Backed by titles like Heeramandi: The Diamond Bazaar, Amar Singh Chamkila, Laapataa Ladies and Shaitaan, the country is also No. 3 in terms of revenue percent growth.
For Netflix, in Q2, India was its No. 2 country in terms of paid net adds and No. 3 in terms of revenue percent growth, the streaming giant mentioned in its quarterly earnings. This was aided by big successful titles like Heeramandi: The Diamond Bazaar, which has 15 million views, and Amar Singh Chamkila with 8.3 million views — as well as licensed films such as Laapataa Ladies and Shaitaan.
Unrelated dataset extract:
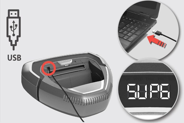 Passo 3Ligue o robot com um cabo micro USB ao seu computador. O computador reconhece o robot como um dispositivo de armazenamento em massa USB. O visor do robot exibirá "SUPG". (Certifique-se de que usa um cabo USB que não seja apenas para carregar, mas também para transferência de dados.)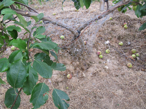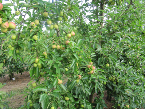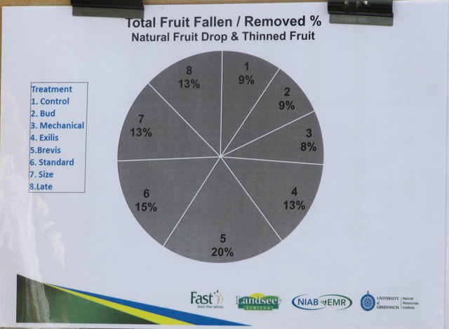 Below: The table below shows the percentage of fruit dropped (naturally or by thinning) from each treatment

In its earnings call, Theodore A. Sarandos, co-CEO, president & director, Netflix, said the product market fit is driving its ability to attract and retain members and monetize them.
“So I feel like what's going on in the quarter has been this ongoing build. We had this great show, Heeramandi. Sanjay Leela Bhansali is one of the most celebrated filmmakers in India, and he took on this incredibly ambitious series and brought it to screen on Netflix, directed every episode, and it's our biggest drama series to date in India. So on top of that, our original films and our license films are films in the pay TV window, immediately following theatrical, which continue to thrill our members,” he said.
Sarandos said there’s plenty of room to grow in India as long as Netflix keeps thrilling the audiences.
“So we pick them well, we program well. We improve the product market fit. We improve engagement, we grow members, we grow our revenue. It's the same formula, I think everywhere we go. I think India's growth is a story that we see around the world playing out very similarly,” he adds.
On Thursday, Netflix announced its second-quarter earnings, revealing an addition of 8 million subscribers, bringing its global subscription base to 278 million. The streaming giant reported a net income of $2.1 billion and revenue of $9.56 billion, marking a 17 percent increase compared to the same period last year. It now projected revenue growth of 14-15% for the year.
Greg Peters, co-chief executive, told investors on the earnings call, that there was an average of “two hours of viewing per member per day.”
In its forecast, the company projects a 14% revenue growth in Q3, anticipating fewer paid net additions compared to the same quarter last year, which experienced the first full-quarter impact of paid sharing. Average revenue per subscriber, meanwhile, will come in flat in the next quarter.
With regard to its advertising-supported tier, it now accounts for more than 45% of all sign-ups in 12 countries where it has been made available.